Multiples Bruddeln und Symbadisieren
»Badischer Bahnhof« mit drei speziellen Fahrgästen
Gengenbach. »Badischer Bahnhof«: So hieß der siebte Akt im diesjährigen »Kultursommer«, der verflixt begann. Die miese Wetterprognose wog schwerer als badischer Optimismus, weshalb die Organisatoren sicherheitshalber vom Rathaus-Innenhof in den benachbarten Klosterkeller umzogen.

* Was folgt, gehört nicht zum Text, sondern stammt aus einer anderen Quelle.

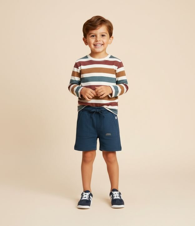 Camiseta infantil confeccionada em algodão certificado BCI, proporcionando toque macio e conforto para o dia a dia. Possui gola redonda, mangas longas e estampa full print de listras, criando visual divertido e moderno para compor combinações casuais.

Dort warten, warten, warten und warten Helmut »de Hämme« Dold aus Kuhbach, Carsten Dittrich aus Oberkirch und Otmar »Bruddler« Schnurr auf ihren Zug nach Freiburg, der dann irgendwann einfährt – allerdings umso schneller und nicht planmäßig an Gleis 8, sondern an Gleis 3. Dittrich reagiert panisch, hat zudem das meiste Gepäck zu tragen, da er ohne seine Puppen aus dem Oberkircher Theater »Fiesemadände« nicht verreist. Als er seine sieben oder acht Sachen in den Koffer gequetscht hat, sprintet er los, um eine Minute später keuchend wieder bei den beiden anderen Vollblutbadensern zu stehen. Gerade klingt der Hinweis des Offenburger Bahnhoflautsprechers aus, wonach der Zug auf Gleis 3 abgefahren sei, da fragt Schnurr kopfschüttelnd: »Und? Het’s no greicht?« Der »Bruddler« macht das, was er am besten kann: Bruddeln. Erst recht, als Dold – wie immer hippelig vor lauter Tatendrang, wenn er auf einer Bühne mit Witzfreiheit steht, und euphorisch, wie Badenser nun mal in allen Lebenslagen sind – eine spontane badische Show mit den anderen Wartenden als Publikum vorschlägt. »Und mit multiplen Premieren«, so Dittrich begeistert. »Multiple, was heißt das?«, fragt Schnurr genervt. »Ihr seid zwei Künstler und ich aus Ottenhöfen«, winkt er ab. Überhaupt: »Wenn einer in dem Alter noch mit Puppen spielt, muss in der Kindheit was schiefgelaufen sein«, ätzt der »Bruddler« mit Blick auf Dittrich, ohne zu bedenken: Der Oberkircher studierte an der Hochschule für Schauspielkunst »Ernst Busch« Berlin in der Abteilung »Puppenspielkunst« und meisterte sein Diplom als »Darsteller/Puppenspieler« spielend. Entsprechend unbeirrt und professionell lässt der 35-Jährige seine Puppen tanzen, vor allem den elsässischen »Hans im Schnokeloch«, dazu den revolutionären Hecker und ein tierisches Klappermaul aus Preußen: »Ick glob, ne Meise zu kriegen, wenn ick dran denke, dass es in diesem Baden eine Wurst mit U jibt: »Uffschnitt!«
Wurst mit U: Uffschnitt. Aufschneider sind die drei aber nicht, dafür umso besser drauf. »Unterm Tisch isch au dahoim«, sagt Dold, als er seine Hommage »Der Badische als solcher« zelebriert – mit jener Leidenschaft, mit der der exzellente Jazz-Musiker per Trompete der Bahn den Marsch bläst. Sogar der »Bruddler« muss schmunzeln, als Dold dem Denglischen auf gut Badisch die Stirn zeigt. Noch was zeigen die Badenser – nämlich »denen in Stuttgart, dass ein Bahnhof auch für Umme unterirdisch und schnell verlegt werden kann«, wie Gerd Birsner zu den Besuchern witzelte. Der Kultursommer-Programmchef sagte dies zur Begrüßung lächelnd und tröstend, da längst ein verblüffend schöner Sommerabend draußen vor der Tür stand.